Open-source java CMS and open-source javacms
Address: http://javaz.cn/site/javaz/site_study/info/2015/23312.html
Project address:Http://www.freeteam.cn/
Web Page Information Collection
Supported since FreeCMS 2.1
The target webpage information can be captured through simple configuration. incremental collection, keyword replacement, and timed collection are supported. The same collection rule can collect multiple pages (static and dynamic) and multiple information attributes, the static information page can be automatically reviewed.
Collection rule management
Click collection rules from the Management menu on the left to enter.
Add collection rules
Click "add" at the bottom of the collection rule list.
Enter relevant properties and click "save.

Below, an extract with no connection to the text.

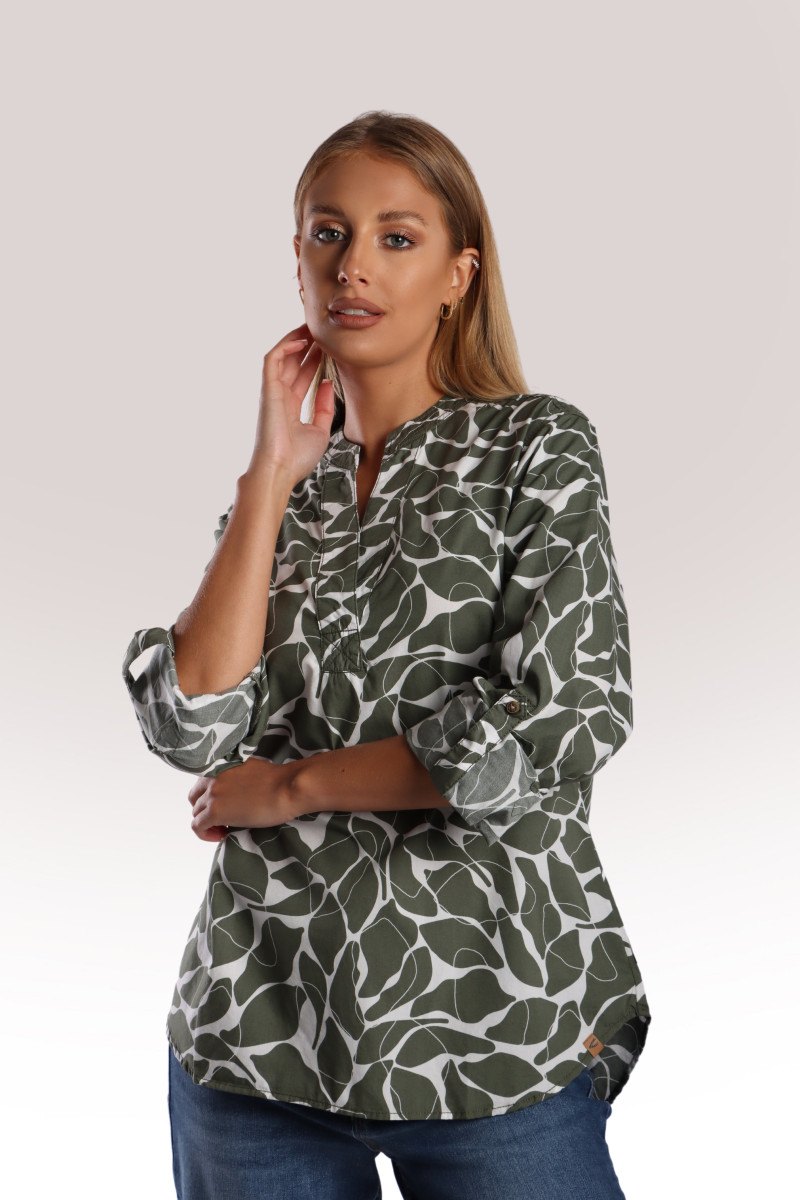 Dámska vzorovaná košeľa s trojštvrťovým vyhrnutým rukávom voľného strihu a nakladaným vreckom na hrudi. Originálny vzor dáva vyniknúť charakteristickému letnému vzhľadu košele a tým jej prepožičiava ležérny a zároveň luxusný nádych. Materiálové zloženie zaručuje dokonalú ľahkosť, priedušnosť.

Collection rule attributes
Collection rule attributes include basic, set, collection address, collection attribute, and keyword replacement.
Generally, you only need to fill in relevant properties on the basic tab. If you need more advanced settings, you can use the following tabs.
The following describes the main attributes.
Name: the name of the collection rule.
Collected to topic: the collected information must be added to that topic.
Page encoding: The page encoding of the target page, which defaults to the UTF-8.
Collection address: the address of the target webpage. You can set only one entry on the basic tab. You can set multiple entries on the collection address tab.
Collection Scheduling: it is very important to set a Scheduled Collection operation. Only the Collection Scheduling system is configured to perform the collection operation.
Content list begins to end html: because the system extracts information attributes by intercepting keywords on the content of the target webpage, it is very important to set the start and end html of the Target attribute, you must set it to a relatively unique starting and ending html so that the system can correctly intercept the target attribute. This attribute is mainly used to capture the html of the target page information list.
Content address begins to end html: after obtaining the content list html based on the preceding attributes, use this attribute to intercept the content addresses.
Content title begins to end html: After the content address is obtained based on the preceding attribute, the system captures the webpage content of the content address and then intercepts the content title based on this attribute. The setting of content-related attributes is similar to that of this attribute.
Status: the collection rule in the enabled status is executed by the system.
Capture images: Download images from the information content to your local device.
Automatic approval: sets the collected information directly to the audited status.
Click volume of collected information: by default, the number of clicks on the collected information is 0. After this attribute and the number of clicks on the Content start to end html, the system intercepts the clicks on the target information, set to the number of clicks of the collected information.
Maximum number of content to be collected: This attribute is not restricted by default. If this attribute is set, the system will collect statistics on the number of information collected by this collection rule. If the maximum number of content to be collected is exceeded, the system will no longer collect data.
Set the first image as the title image: if there is an image in the information, extract the first image as the title image and set the information as the image information.
Clear html tags in the content: Clear the html tags in the information content and retain the plain text.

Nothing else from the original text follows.